[PROVIDED INFORMATION]
[Start of Attachment]

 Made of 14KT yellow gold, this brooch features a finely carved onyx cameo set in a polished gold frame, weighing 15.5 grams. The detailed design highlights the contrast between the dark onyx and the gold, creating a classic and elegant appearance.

[End of Attachment]
[Start of Attachment]

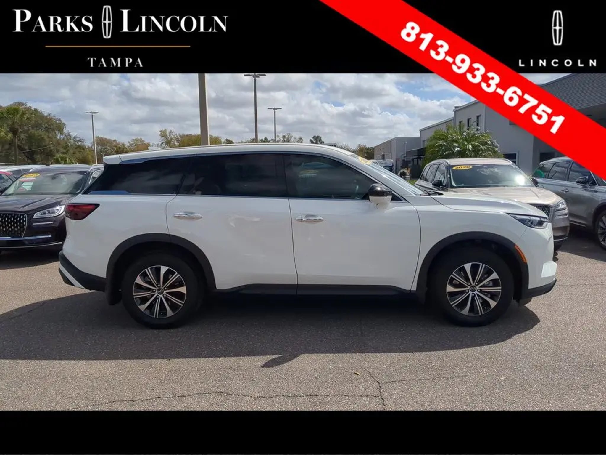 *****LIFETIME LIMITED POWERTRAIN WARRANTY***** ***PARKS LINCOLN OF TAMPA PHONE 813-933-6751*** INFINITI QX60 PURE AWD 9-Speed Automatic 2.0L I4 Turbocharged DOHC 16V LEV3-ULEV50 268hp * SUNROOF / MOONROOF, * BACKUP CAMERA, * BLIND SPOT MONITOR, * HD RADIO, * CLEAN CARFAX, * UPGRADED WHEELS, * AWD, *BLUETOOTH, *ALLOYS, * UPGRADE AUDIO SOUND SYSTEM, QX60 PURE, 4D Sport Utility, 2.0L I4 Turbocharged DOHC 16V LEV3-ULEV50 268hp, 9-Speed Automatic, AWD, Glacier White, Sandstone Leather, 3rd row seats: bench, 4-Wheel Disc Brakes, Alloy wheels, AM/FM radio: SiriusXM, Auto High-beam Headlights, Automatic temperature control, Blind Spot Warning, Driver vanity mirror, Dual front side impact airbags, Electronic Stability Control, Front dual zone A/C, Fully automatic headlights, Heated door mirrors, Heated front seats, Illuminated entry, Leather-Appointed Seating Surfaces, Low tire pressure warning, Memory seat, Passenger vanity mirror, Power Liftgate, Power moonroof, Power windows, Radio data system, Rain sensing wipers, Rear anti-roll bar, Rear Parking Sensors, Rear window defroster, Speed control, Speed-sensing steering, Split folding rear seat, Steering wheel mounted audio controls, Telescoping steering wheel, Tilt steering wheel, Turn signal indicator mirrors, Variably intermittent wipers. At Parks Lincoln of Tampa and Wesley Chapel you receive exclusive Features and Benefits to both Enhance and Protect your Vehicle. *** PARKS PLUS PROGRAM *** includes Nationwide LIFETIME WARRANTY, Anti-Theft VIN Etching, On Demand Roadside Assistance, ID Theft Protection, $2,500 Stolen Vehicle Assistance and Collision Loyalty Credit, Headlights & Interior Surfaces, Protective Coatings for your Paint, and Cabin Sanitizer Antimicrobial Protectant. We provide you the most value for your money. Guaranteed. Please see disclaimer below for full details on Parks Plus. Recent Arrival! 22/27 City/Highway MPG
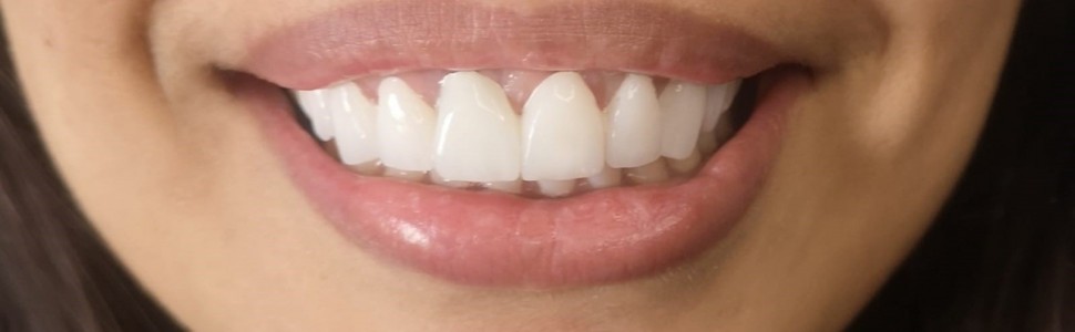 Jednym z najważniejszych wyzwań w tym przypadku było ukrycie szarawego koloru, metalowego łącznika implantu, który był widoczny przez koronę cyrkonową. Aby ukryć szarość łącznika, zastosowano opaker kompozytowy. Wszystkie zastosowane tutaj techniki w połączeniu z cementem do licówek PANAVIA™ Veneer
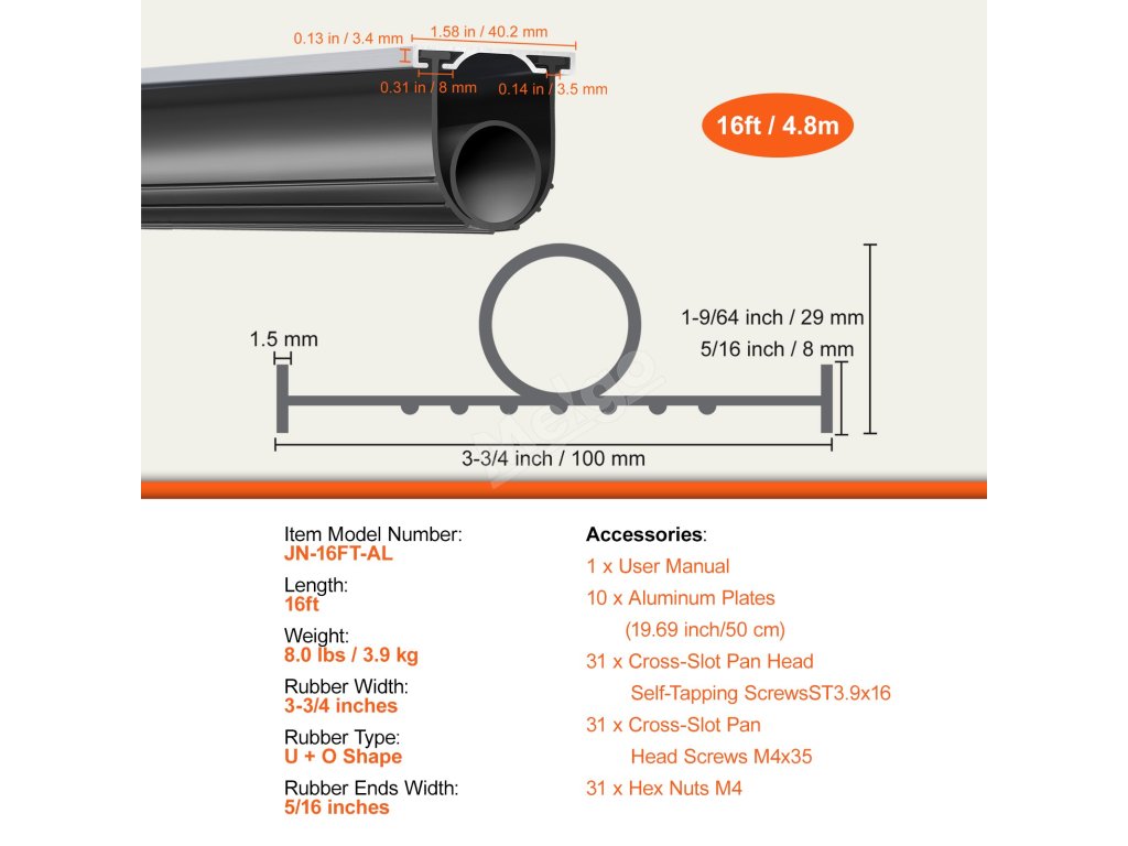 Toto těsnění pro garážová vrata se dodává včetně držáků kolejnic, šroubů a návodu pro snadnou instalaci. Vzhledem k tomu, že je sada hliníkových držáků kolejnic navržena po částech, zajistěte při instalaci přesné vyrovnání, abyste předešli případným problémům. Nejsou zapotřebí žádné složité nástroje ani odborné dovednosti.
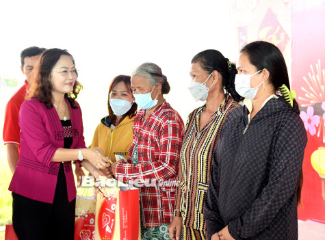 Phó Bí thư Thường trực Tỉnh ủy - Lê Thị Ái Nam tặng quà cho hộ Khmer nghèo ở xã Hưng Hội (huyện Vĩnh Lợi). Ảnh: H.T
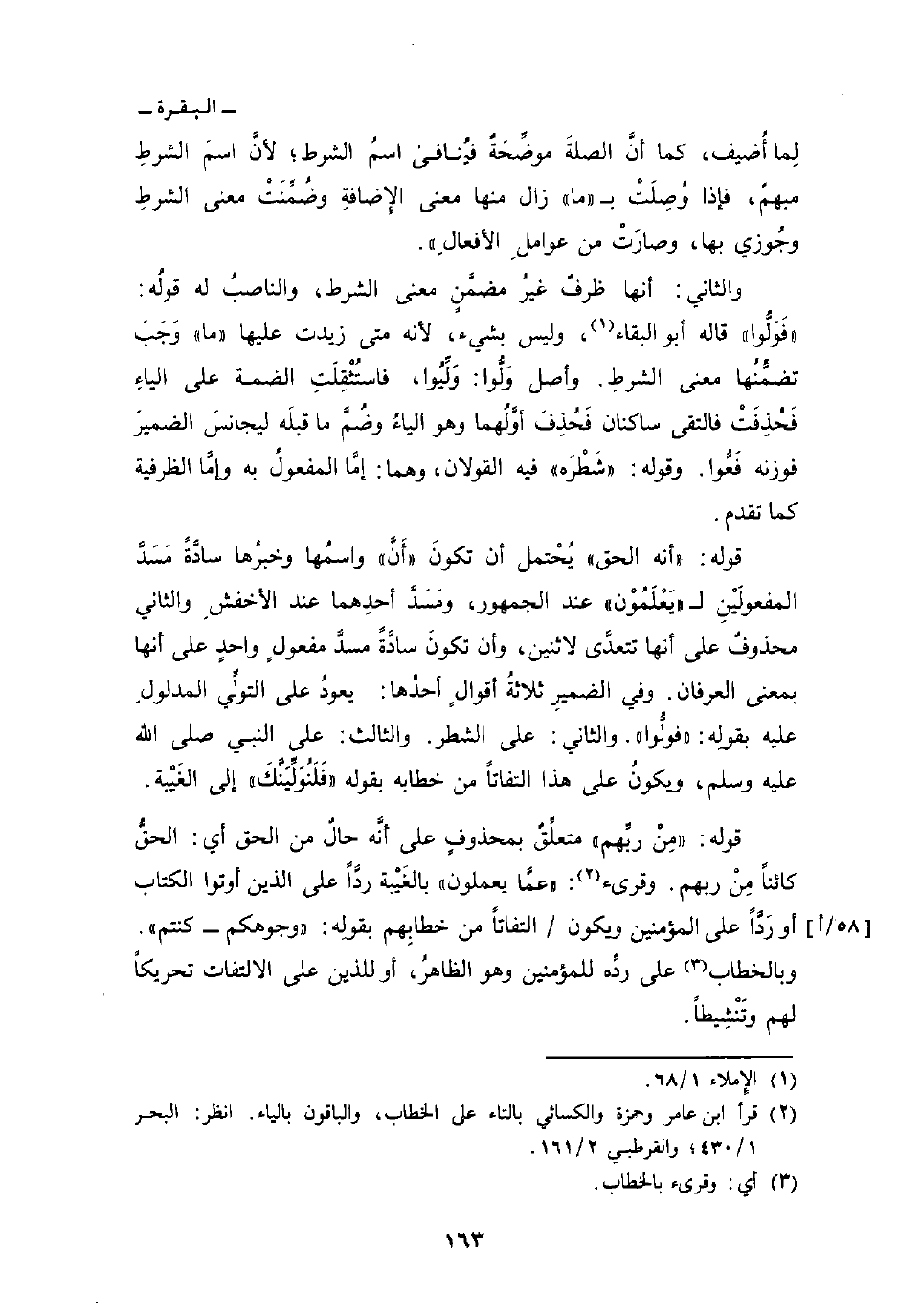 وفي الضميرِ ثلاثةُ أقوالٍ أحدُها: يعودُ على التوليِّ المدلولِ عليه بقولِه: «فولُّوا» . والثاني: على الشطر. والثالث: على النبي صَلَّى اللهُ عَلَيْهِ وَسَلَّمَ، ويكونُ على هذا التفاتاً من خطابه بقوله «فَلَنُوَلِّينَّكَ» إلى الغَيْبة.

[End of Attachment]

Exactly reproduce the lines above, starting at the one that contains "Toto těsnění pro" and ending at the one that contains "Phó Bí thư Thường", both inclusive; leave the pictures out and add no other lines.

 Toto těsnění pro garážová vrata se dodává včetně držáků kolejnic, šroubů a návodu pro snadnou instalaci. Vzhledem k tomu, že je sada hliníkových držáků kolejnic navržena po částech, zajistěte při instalaci přesné vyrovnání, abyste předešli případným problémům. Nejsou zapotřebí žádné složité nástroje ani odborné dovednosti.
 Phó Bí thư Thường trực Tỉnh ủy - Lê Thị Ái Nam tặng quà cho hộ Khmer nghèo ở xã Hưng Hội (huyện Vĩnh Lợi). Ảnh: H.T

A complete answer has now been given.